Listed entries: Begin
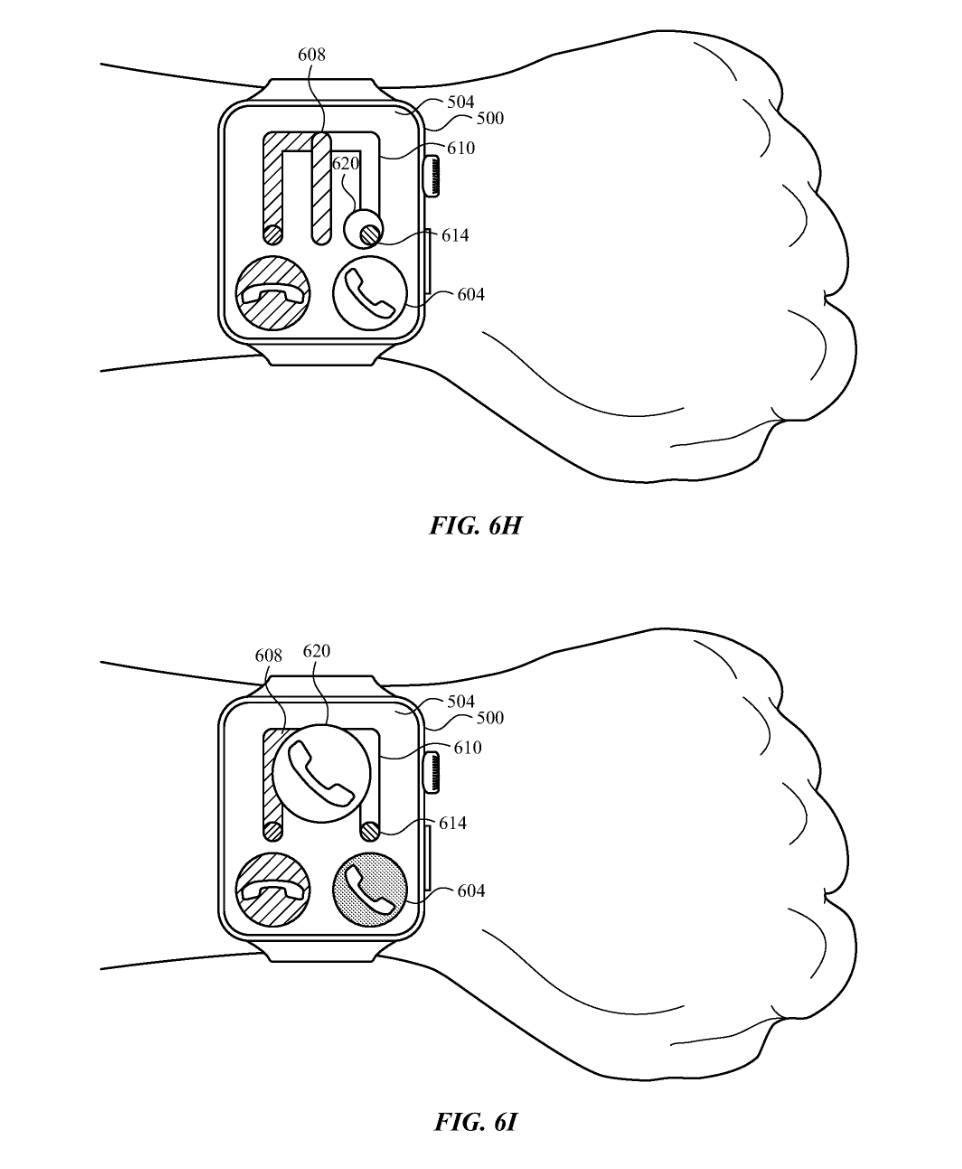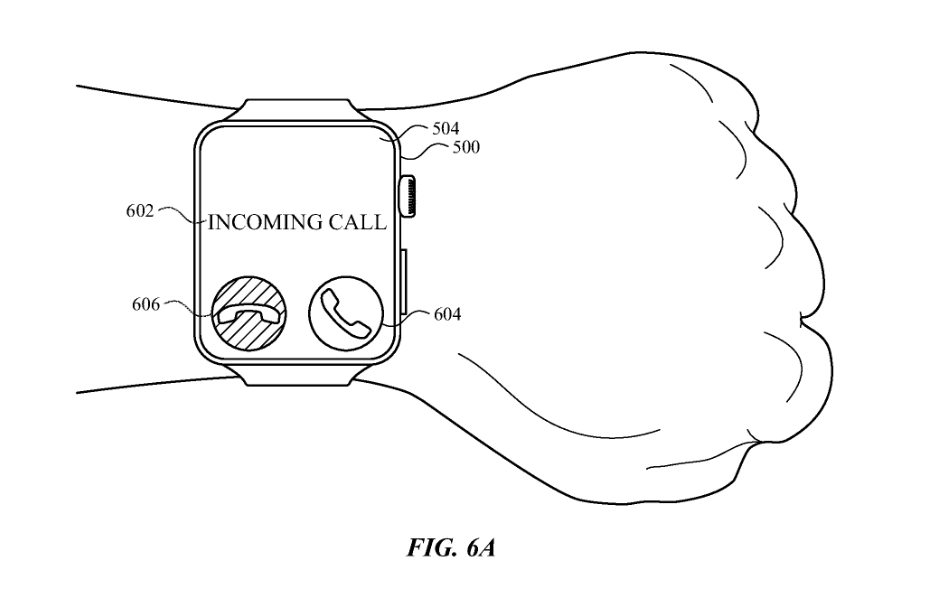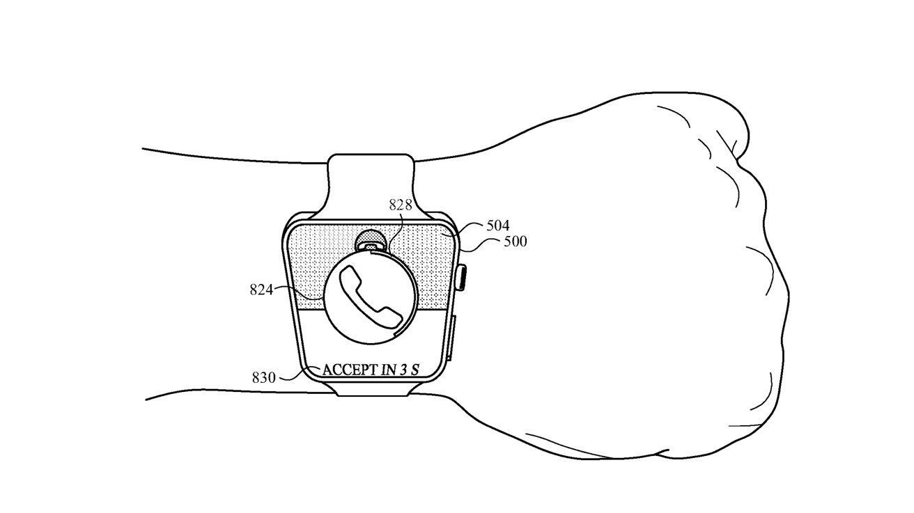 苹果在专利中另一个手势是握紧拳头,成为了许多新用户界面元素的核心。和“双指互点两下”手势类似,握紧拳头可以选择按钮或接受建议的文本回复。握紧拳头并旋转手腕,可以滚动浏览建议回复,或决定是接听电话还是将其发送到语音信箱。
Listed entries: End
Listed entries: Begin
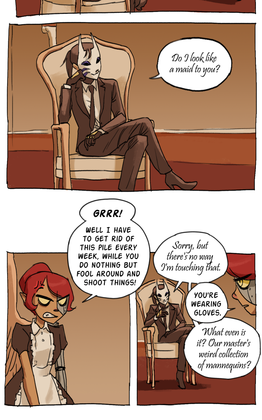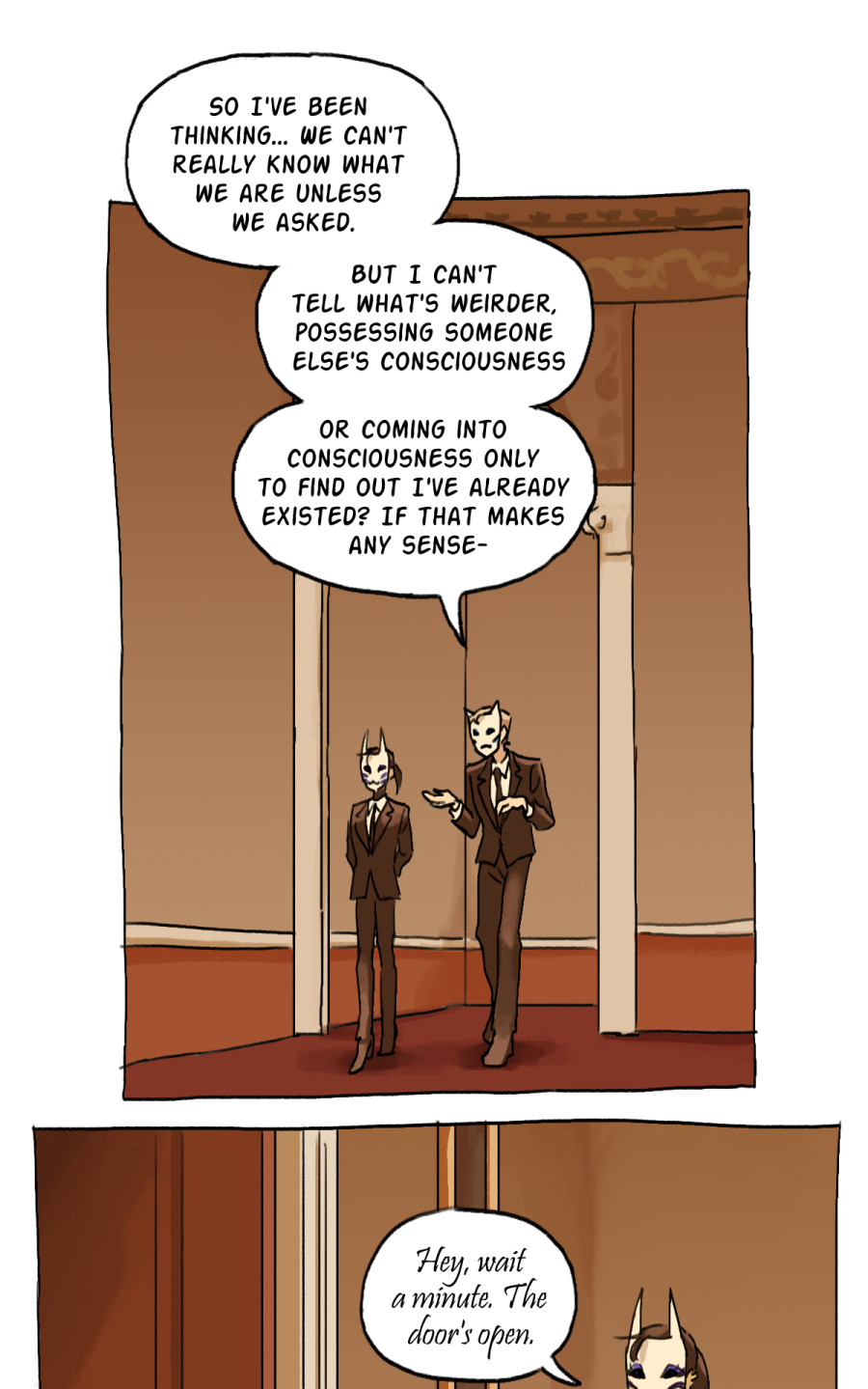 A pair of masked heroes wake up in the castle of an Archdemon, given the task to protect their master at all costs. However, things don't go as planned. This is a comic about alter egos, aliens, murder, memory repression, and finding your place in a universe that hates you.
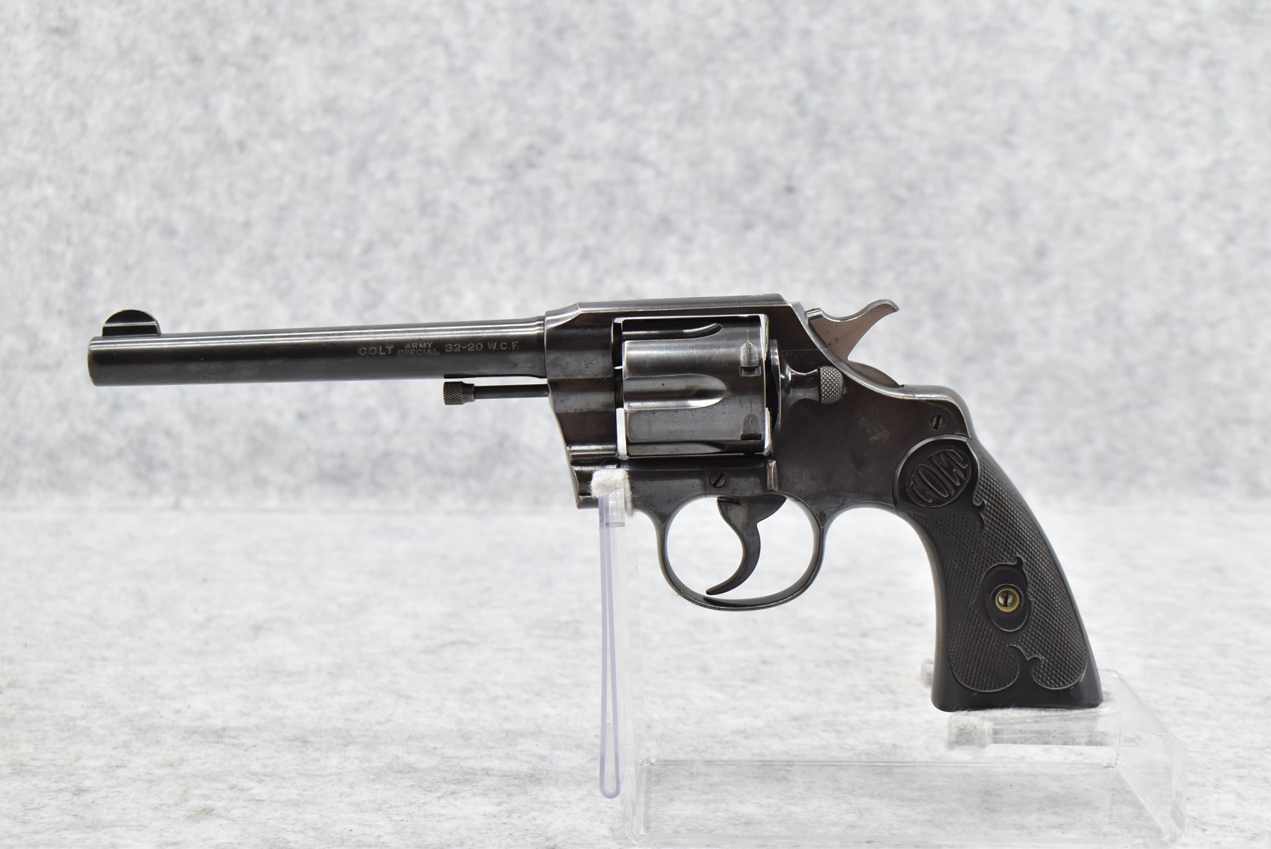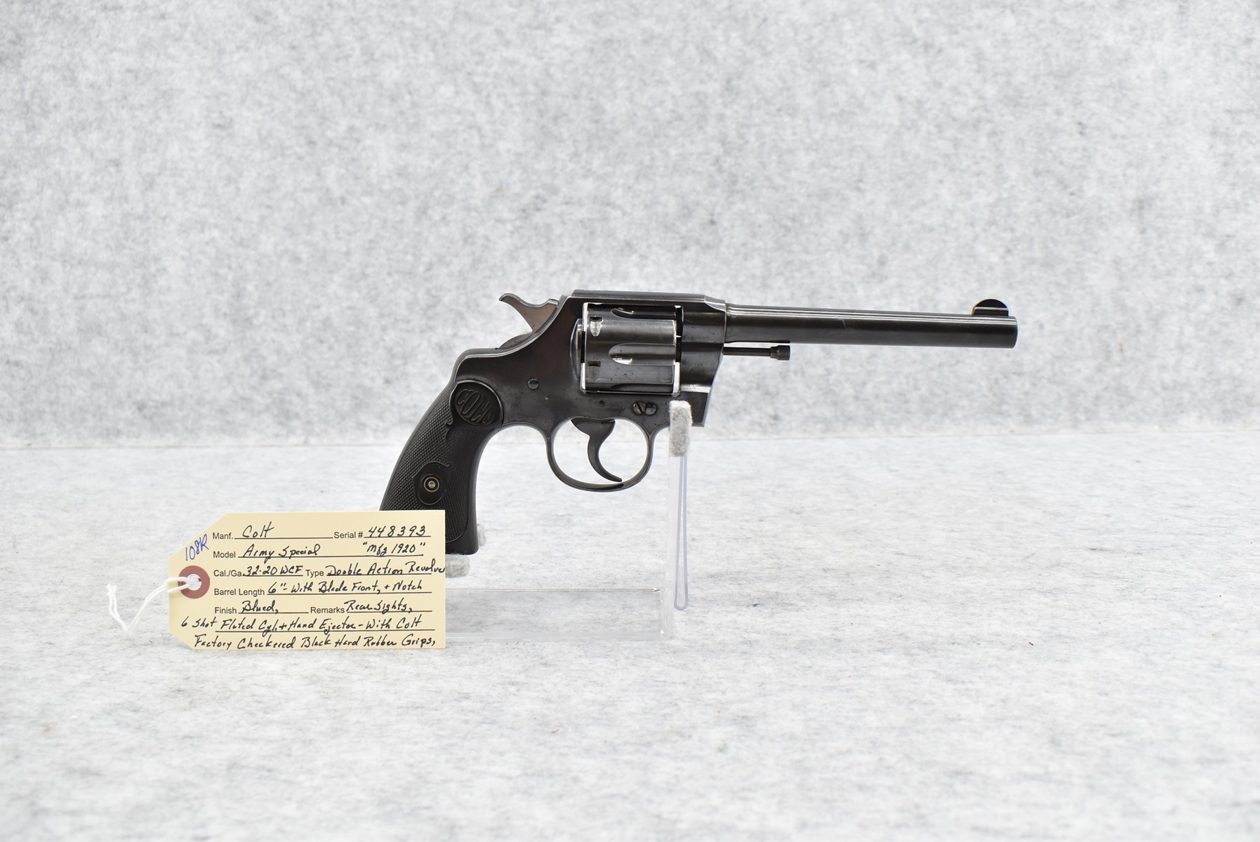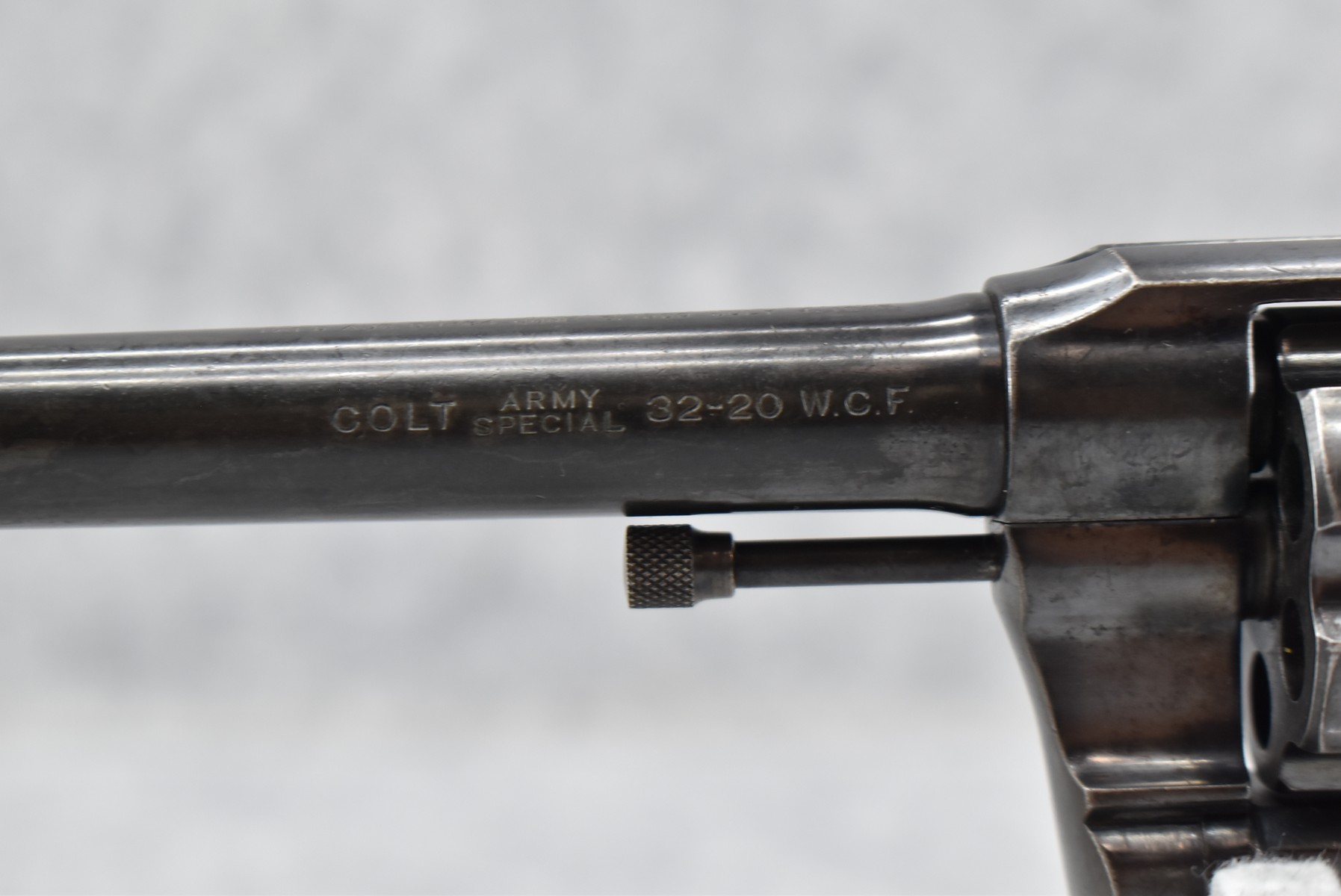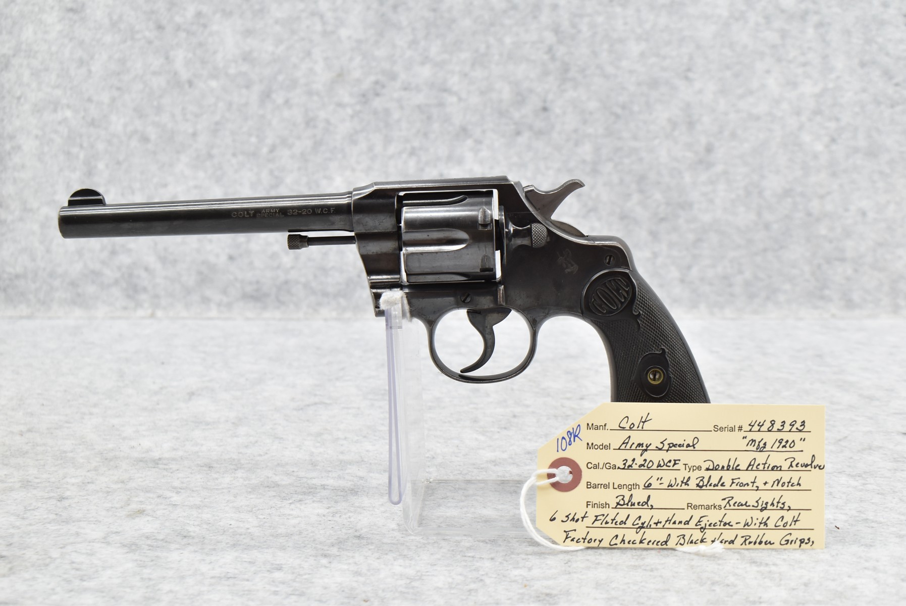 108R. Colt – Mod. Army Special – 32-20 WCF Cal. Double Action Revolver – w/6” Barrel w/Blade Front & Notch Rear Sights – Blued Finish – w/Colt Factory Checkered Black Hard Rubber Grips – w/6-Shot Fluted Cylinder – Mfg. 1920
Listed entries: End
Listed entries: Begin
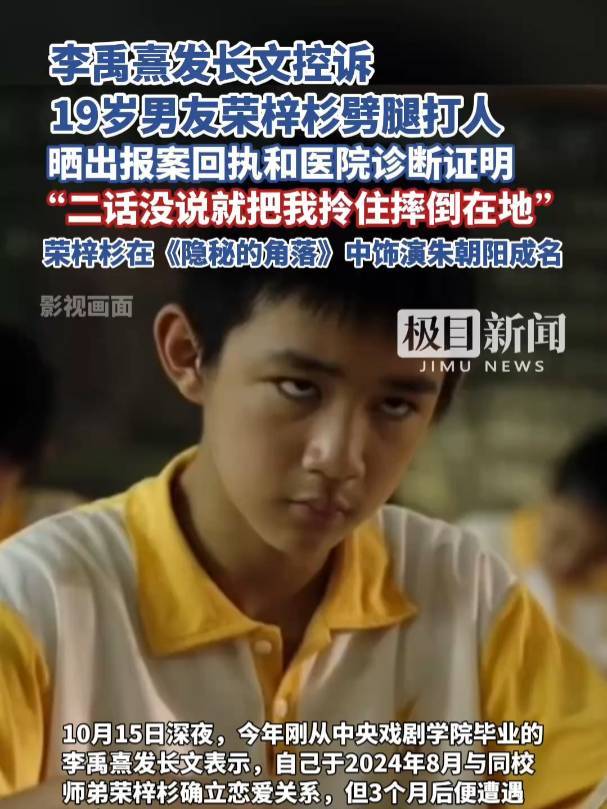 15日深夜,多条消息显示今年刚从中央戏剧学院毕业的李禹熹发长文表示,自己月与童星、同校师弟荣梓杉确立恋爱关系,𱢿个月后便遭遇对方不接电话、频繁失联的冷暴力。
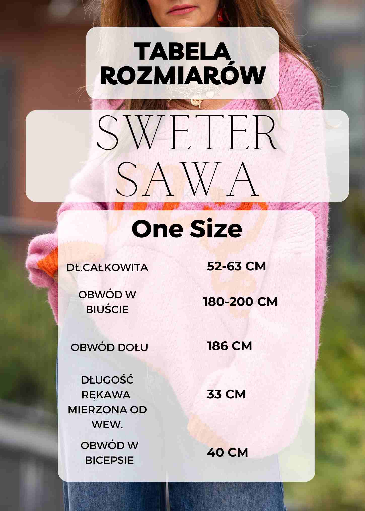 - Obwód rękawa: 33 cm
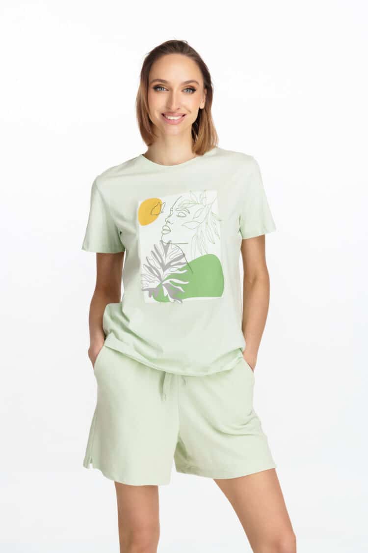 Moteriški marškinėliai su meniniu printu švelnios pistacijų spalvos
Listed entries: End
The answer should consist only of the lines above from the one with "15日深夜,多条消息显示今年" through the one with "Moteriški marškinėliai su", repeated exactly, with no pictures among them.

 15日深夜,多条消息显示今年刚从中央戏剧学院毕业的李禹熹发长文表示,自己月与童星、同校师弟荣梓杉确立恋爱关系,𱢿个月后便遭遇对方不接电话、频繁失联的冷暴力。
 - Obwód rękawa: 33 cm
 Moteriški marškinėliai su meniniu printu švelnios pistacijų spalvos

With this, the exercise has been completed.